《ニュース》
東京電力が、柏崎刈羽原発の6,7号機で建設を進めているテロ対策施設の完成時期を2029年度半ば以降に後ろ倒しにすることを新潟県や柏崎市、刈羽村に伝えたことが分かりました。
《詳細》
福島第一原発後の新しい規制基準では、原発を稼働する際、航空機突入などの大規模テロに備えた「特定重大事故等対処施設(特重)」を建設する必要があります。しかも、再稼働に必要な工事計画の認可から5年以内に設置できない場合、原子力規制委員会は運転の停止を命じるとしています。
柏崎刈羽原発7号機は25年10月まで、6号機は29年9月までに施設を設置しなければなりません。当初、7号機の「特重」の建設は今年3月までに完成予定でしたが、人手不足などにより間に合わないことが分かり、29年度半ばに遅らせることとなりました。
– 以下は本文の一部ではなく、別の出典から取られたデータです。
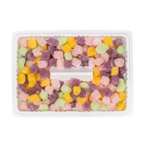 This Rainbow Mini Mochi is a tasty combination of strawberry, mango, blueberry, and honeydew flavors. Each bite-sized piece is individually coated in potato starch to prevent the pieces from sticking together. With a soft and chewy texture, this delicious mochi is guaranteed to satisfy your sweet cravings. Eat them by themselves or enjoy them as a topping with your frozen yogurt or desserts!

柏崎刈羽原発についてはテロ対策上の問題が相次いでいましたが、24年、国際原子力機関(IAEA)は「対策は適切に実施されている」との報告書を発表。7号機の原子炉には燃料が入れられ、再稼動に向けた準備は最終段階を迎えていました。
柏崎刈羽原発の稲垣武之所長は2月27日、「夏場に厳しくなる東日本の電力需給に貢献するためにも、7号機、6号機の順に稼働させていきたい」と述べ、今年の夏までに7号機を再稼働させることを目指すとの考えを示しました。
2月18日にはIAEAのグロッシ事務局長が柏崎刈羽原発を訪問。同原発について、世界有数の原発の一つであり、「再稼動させることは重要な布石」であり、「日本が決定次第、再稼働して構わない」と強調していました。
再稼働に賛成していた柏崎市の桜井市長は、「完成時期が、およそ4年も遅れるのは予想していたよりも長く、非常に残念だ」と発言し、「原発を再稼働すれば、東京電力は、福島の復興などにあてる資金を得られるので、たとえ数カ月だけだとしても稼働させる意義はあると思う」としています。